■ SOURCE MATERIAL
* * * * * * * * *
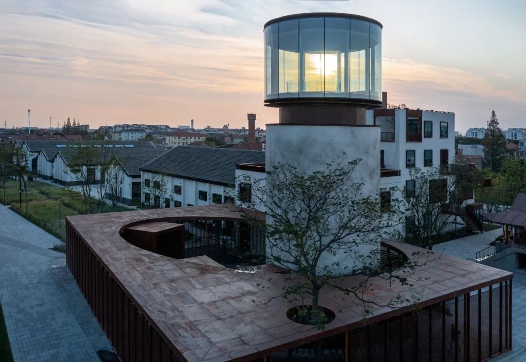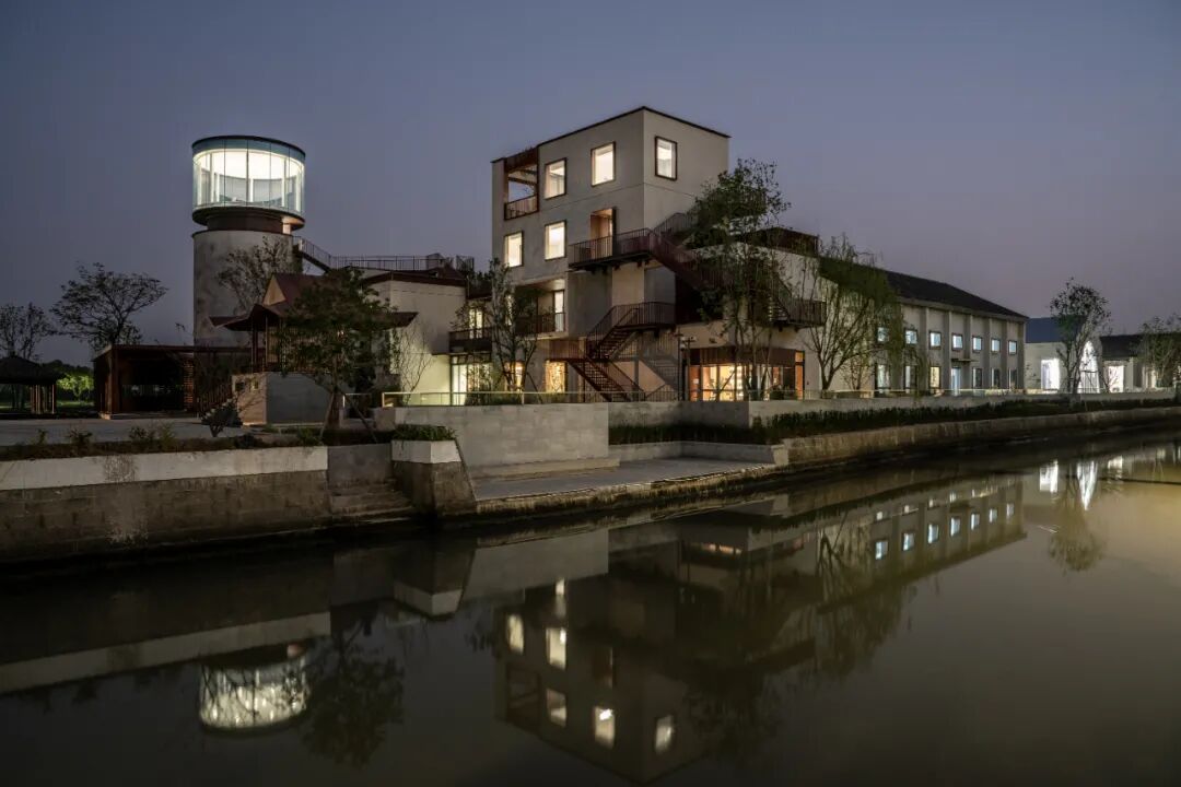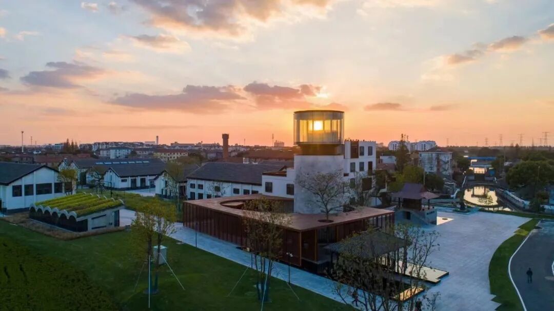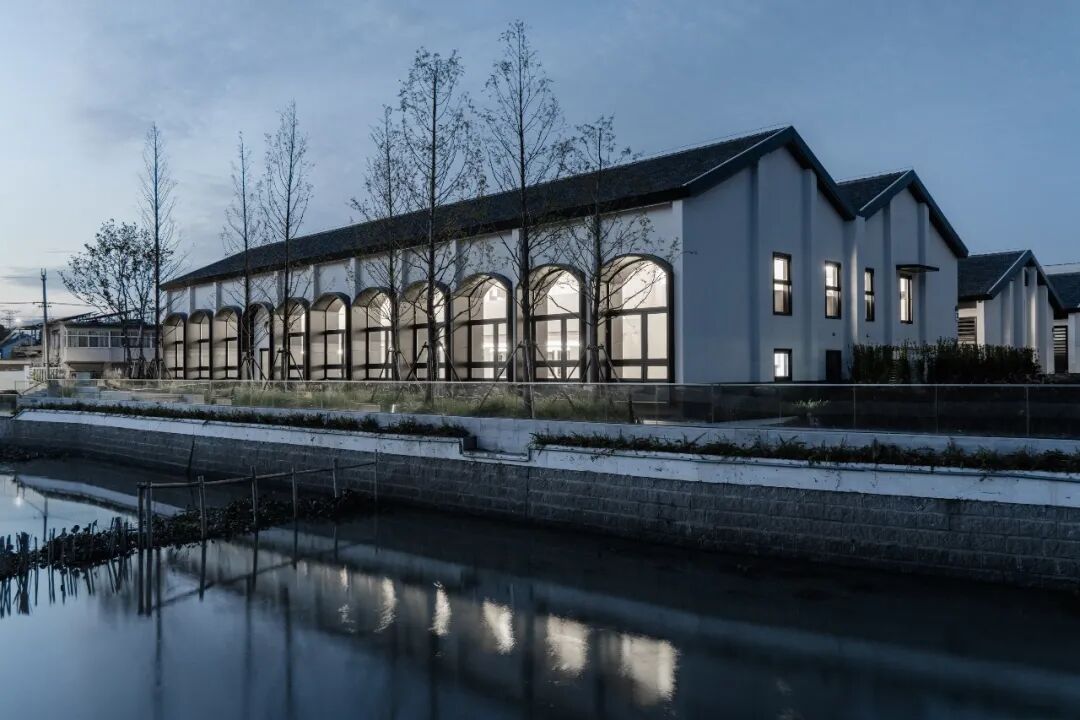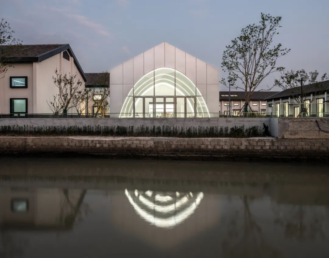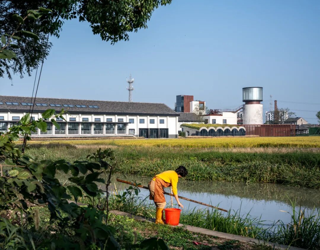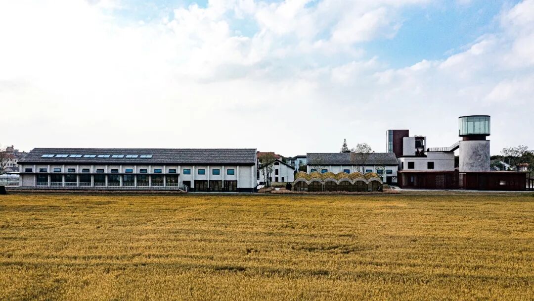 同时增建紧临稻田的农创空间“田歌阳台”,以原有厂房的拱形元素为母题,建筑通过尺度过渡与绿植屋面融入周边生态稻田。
* * * * * * * * *
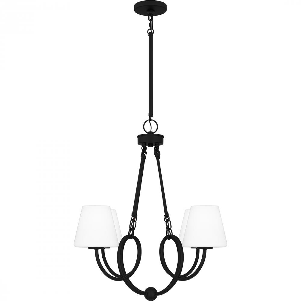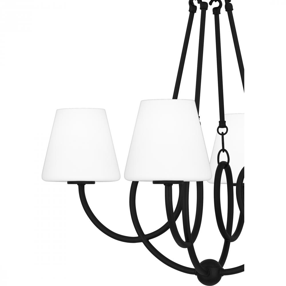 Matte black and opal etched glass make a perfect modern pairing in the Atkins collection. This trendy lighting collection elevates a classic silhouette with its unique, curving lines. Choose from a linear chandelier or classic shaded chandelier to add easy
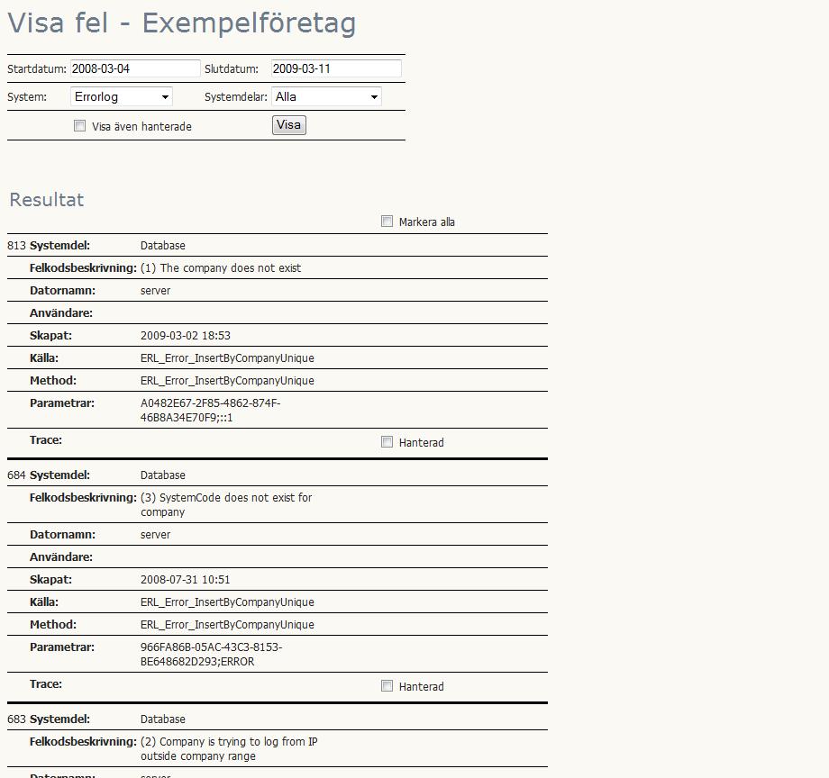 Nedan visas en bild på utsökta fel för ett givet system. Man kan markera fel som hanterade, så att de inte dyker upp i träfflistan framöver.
* * * * * * * * *
■ WORK REQUIRED
Start with the line above containing "Matte black and" and end with the line containing "Nedan visas en". Set down that stretch exactly, without any pictures.

■ EXERCISE OUTPUT
 Matte black and opal etched glass make a perfect modern pairing in the Atkins collection. This trendy lighting collection elevates a classic silhouette with its unique, curving lines. Choose from a linear chandelier or classic shaded chandelier to add easy
 Nedan visas en bild på utsökta fel för ett givet system. Man kan markera fel som hanterade, så att de inte dyker upp i träfflistan framöver.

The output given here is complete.